Read closely to determine what the text says explicitly and to make logical inferences from it; cite specific textual evidence when writing or speaking to support conclusions drawn from text.

This standard has drawn tremendous attention to “close, careful reading” leaving many to wonder what this means, exactly.  One of the best books that we know that deals with this topic is Dorothy Barnhouse and Vicky Vinton’s What Readers Really Do: The Process of Meaning Making.

This book is based upon the premise that  “we don’t actually read to practice inferring, identify a conflict, or learn what someone else has said…about the symbolism” but rather “those skills and this kind of knowledge all are a means to an end, but not the end itself.”

In this book, Barnhouse and Vinton introduce tools like the KNOW/WONDER chart where students carefully read line-by-line and track their thinking about what they “know” and what this part of the story makes them “wonder.”  As students do this work either collaboratively or independently, they call upon several strategies that require readers to cite evidence to support the inferences, ideas, and conclusions they are drawing as they read—all very Common Core ideas of what it means to read “closely and carefully.” This highly engaging tool allows students to integrate several comprehension strategies while actively setting a purpose for reading that helps them to notice things that might have gone unnoticed on a more cursory reading—again, the very purpose of the “close, careful reading” espoused by the Common Core.

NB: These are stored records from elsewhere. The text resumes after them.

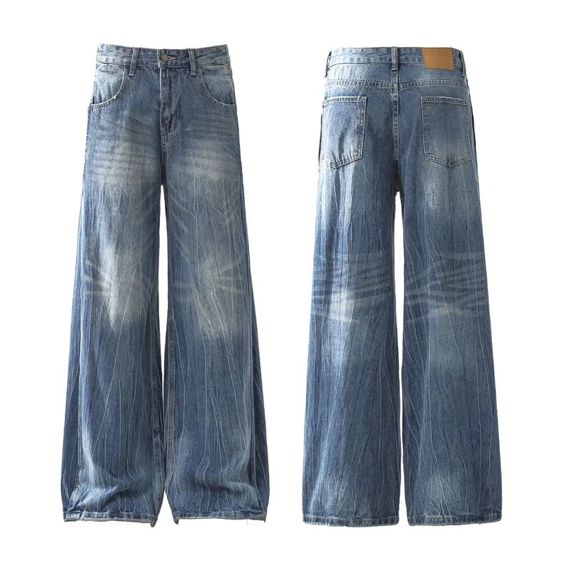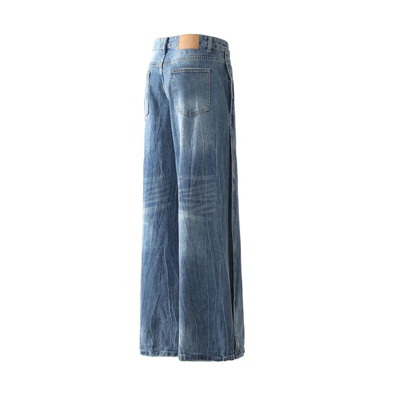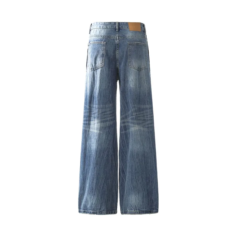 Jiayiku Men's New American Style Vintage Washed Spray Maliu Micro-La Jeans Men's And Women's Loose Straight Pants
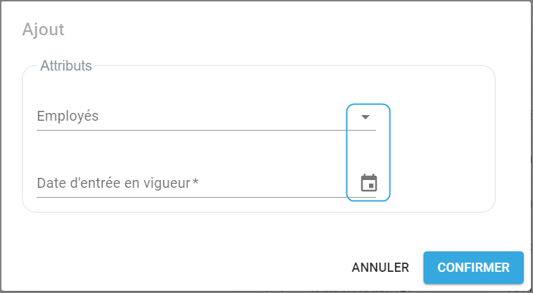 Enfin, veuillez indiquer la date d'entrée en vigueur de ce gabarit pour le ou les employé(s) concerné(s).
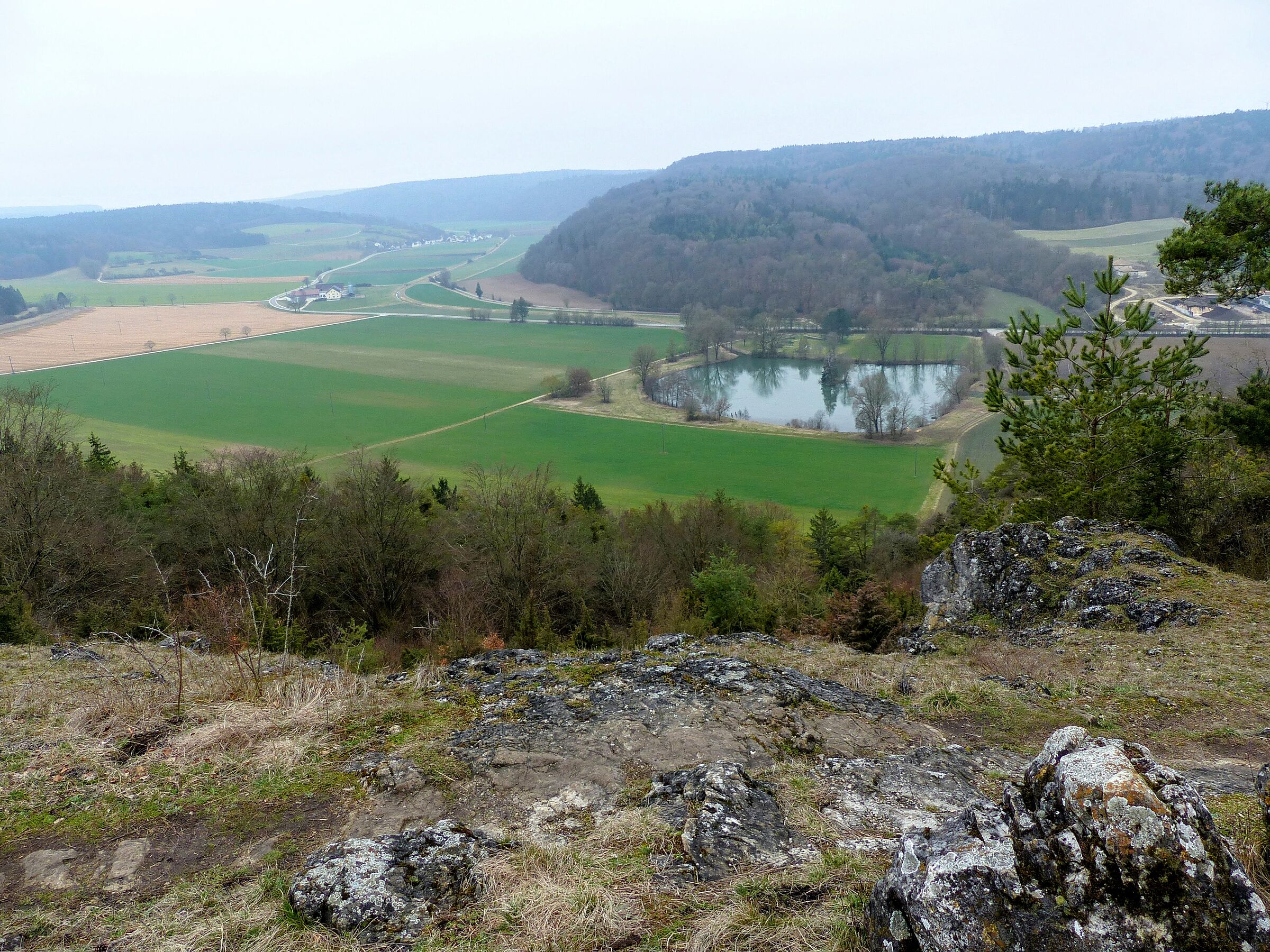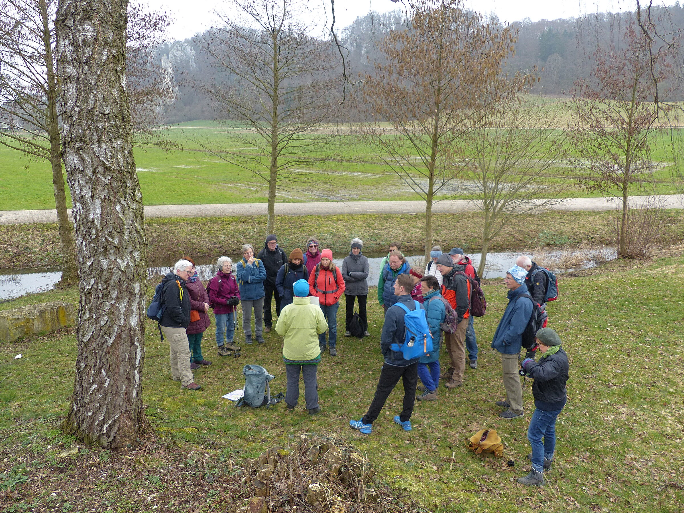 Wir fuhren mit Zug und Bus nach Wellheim. Dort, an der Schutterquelle, zu Füßen des Naturfreundehauses Konstein, erklärte Barbara Philipp die Entstehung dieser Landschaft vor 150 Millionen Jahren. Plastisch erläuterte sie die „Wannen“ (= Lagunen), an deren Rändern Schwämme und andere kalkbildende Tiere lebten, bis die mächtigen Kalkschichten irgendwann (vor 135 Millionen Jahren) herausgehoben wurden und erodierten. Sehr viel später, nach Auffaltung der Alpen, entstand nördlich davon ein Fluss, den wir Urdonau nennen. Sie floss durch das heutige mächtige Tal, wo sie sich mit dem Urmain vereinigte, denn der floss damals von Nord nach Süd. Woher wissen wir das? Die Flüsse haben allerlei Gestein mitgebracht, dessen Herkunft sich eindeutig zuordnen lässt.
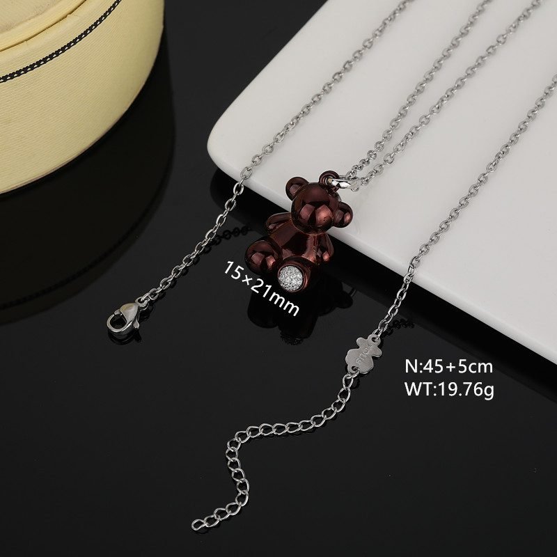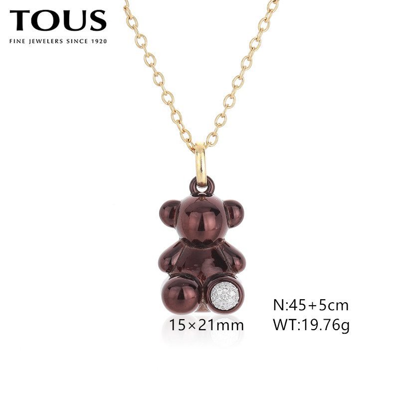 This accessory uses high-quality stainless steel as the main material, and through exquisite craftsmanship, the surface presents a deep and low-key dark brown color. This dark brown color tone not only exudes a natural and retro atmosphere, but also gives jewelry a unique sense of stability. The sturdy and durable properties of stainless steel ensure the long-term use of jewelry, so you don’t have to worry about its quality. Among the many classic elements of TOUS, the image of the Spanish bear has always been highly anticipated. This dark brown gemstone Spanish bear accessory cleverly incorporates this classic element, showcasing the liveliness and agility of the Spanish bear with its round and cute shape and smooth lines. The dark brown color tone adds a sense of stability and grandeur to the jewelry, making the entire design more unique and eye-catching. In front of the feet of the Spanish bear, there is a brilliant gem set. This gemstone has been carefully selected and polished, forming a sharp contrast with the dark brown Spanish bear. The brilliant radiance of the gemstone and the steady dark brown background complement each other, further highlighting the nobility and delicacy of the jewelry. TOUS stainless steel material dark brown gemstone Spanish bear jewelry is lightweight and exquisite, whether worn on the neck or wrist, it can become a highlight in your style. The dark brown appearance emits a charming luster in the sunlight, adding a unique charm to your overall design. Whether paired with casual or formal attire, this accessory can be easily mastered, showcasing your unique taste and personality. The length of this necklace is 45+5cm, and the pendant is 15x21mm
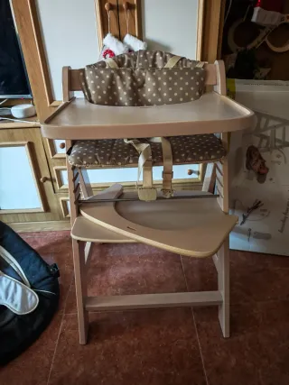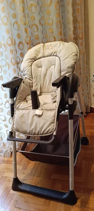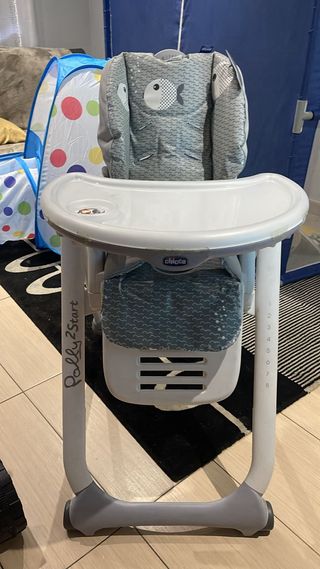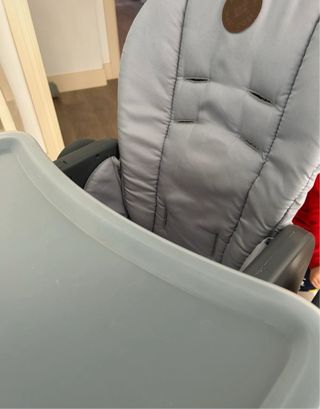 Trona Chicco con bandeja extraíble para usar desde bebe hasta que se canse de la misma. Lleva incluida cesta para guardar juguetes y accesorios. Del uso tiene una pequeña raja en la zona del enganche de la funda en el asiento que ya se cambió una vez y al ver que es normal que se rompa decidí poner un cojín porque además así estaba más cómodo cuando se sentaba.
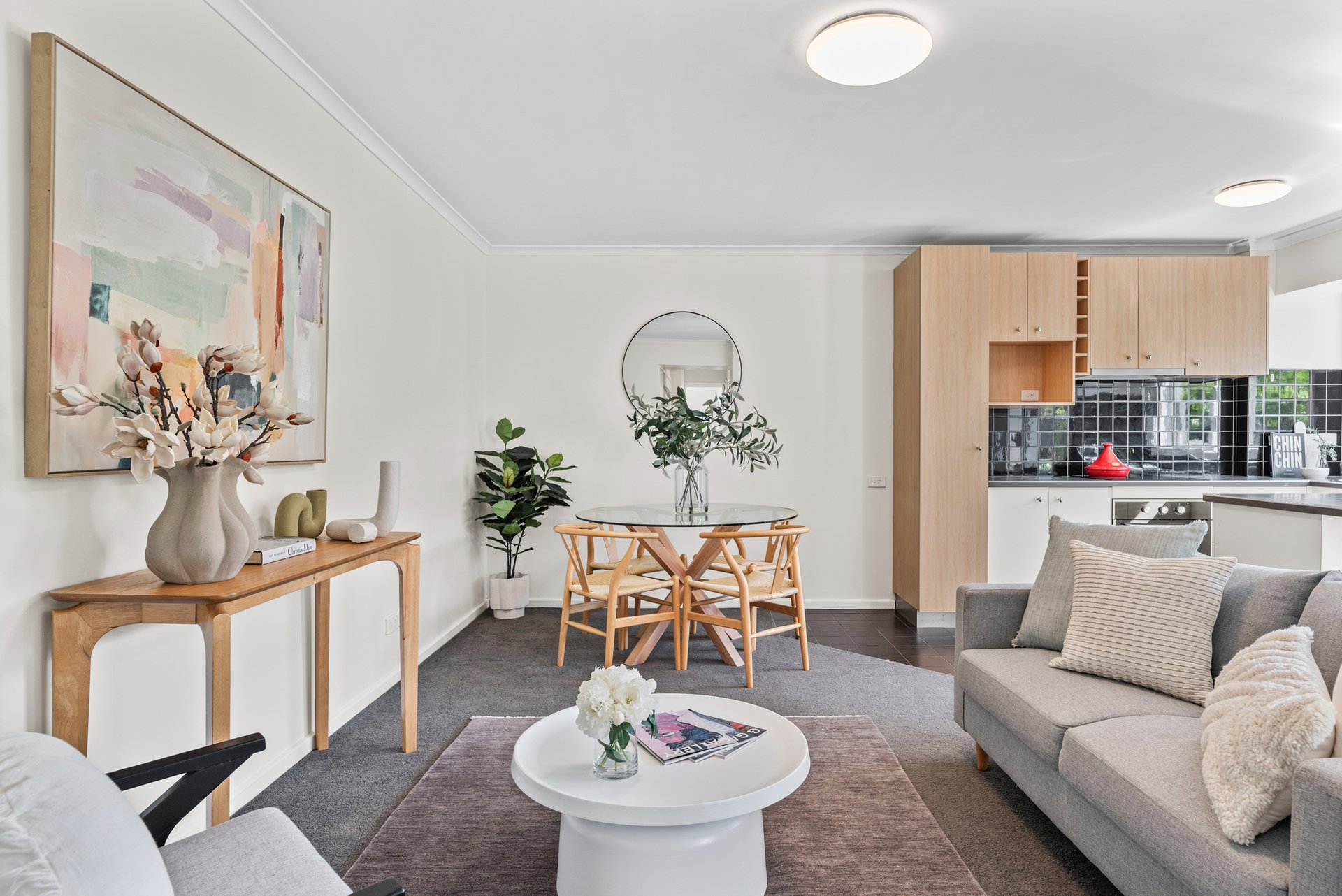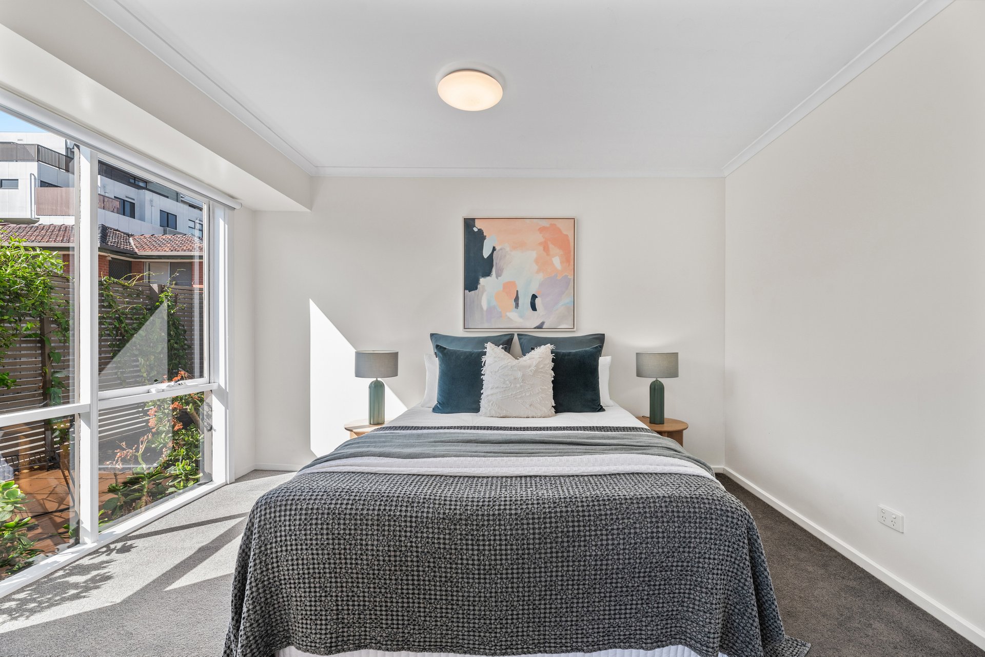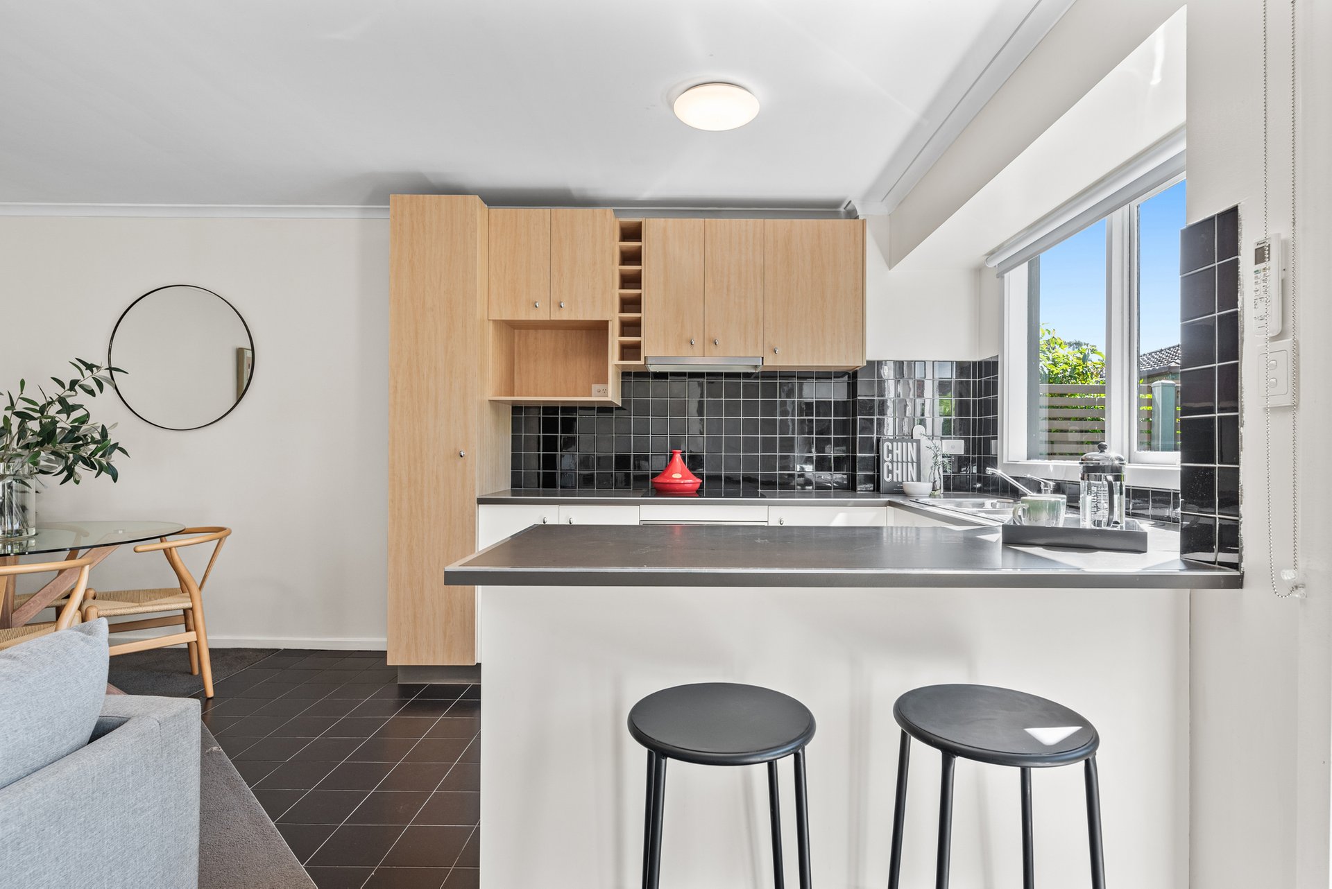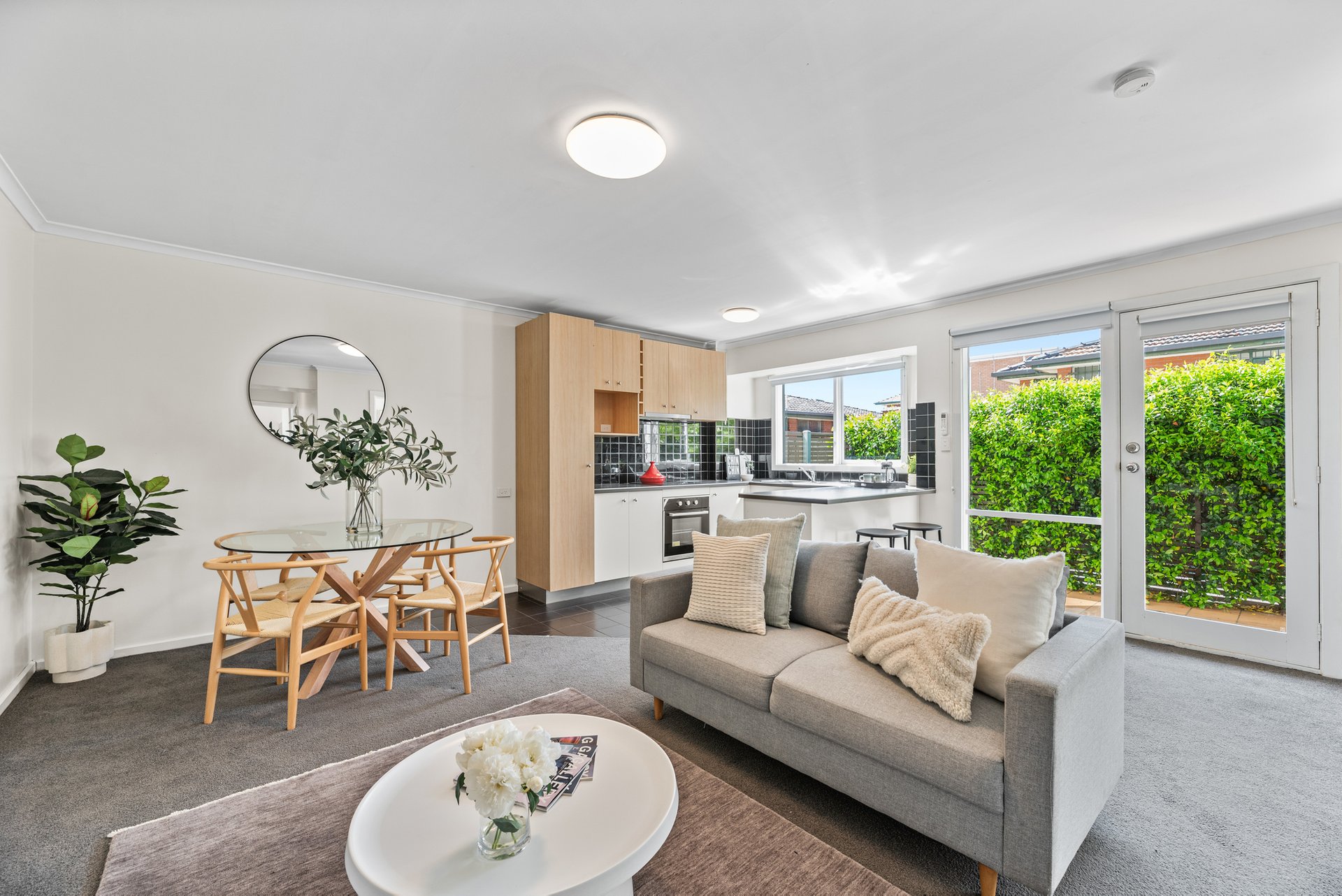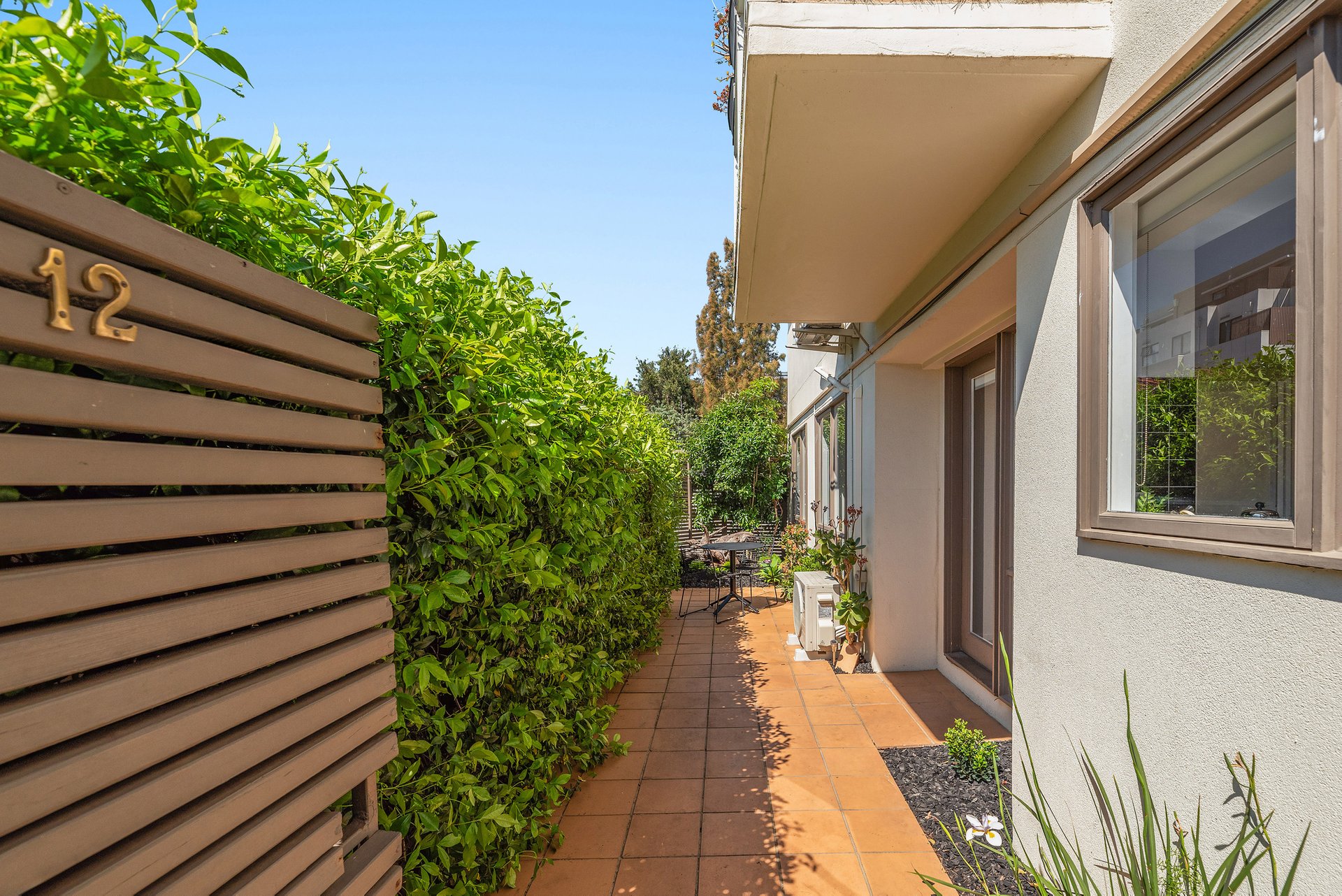 Tucked privately at the rear, this single-level home combines comfort and easy living with its own entrance and a sun-filled courtyard. Step inside to a generous open-plan layout with high ceilings and natural light flowing through the living, dining, and kitchen zones.
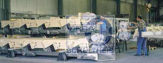 圖4:共振槽式輸送機(jī)的組裝線,振動馬達(dá)置于頂部。

As students become familiar and comfortable with this tool, Barnhouse and Vinton add new layers by adding a column for “other patterns this might connect with.”  This demonstrates to students the importance of identifying how parts of a text are related—yet another aspect of close reading outlined by Common Core reading anchor standard number five. Barnhouse and Vinton’s book is unfailingly committed to reading closely, thinking critically, and in their own words, teaching children “the way readers think as they read, not what to think.”


  1. I’m in London making my way back from Reggio Emilia, but just wanted to thank you so much for supporting my and Dorothy’s work! And I’m so glad to be part of a community that’s working so hard to make the Common Core really ‘meaningful’, not just the next thing coming down the pike.

    • Jan Burkins & Kim Yaris says:

      It pains us to imagine a world where students are given sets of text-based questions and asked to return to text and read again in the name of “close reading.” We were so excited as we read your book, Vicki, because we found ourselves shouting, “YES!” knowing that THIS better fit what we would like to imagine in the next generation of teaching and learning. We are so happy that you wrote it and it is our pleasure to help spread the word! Safe travels!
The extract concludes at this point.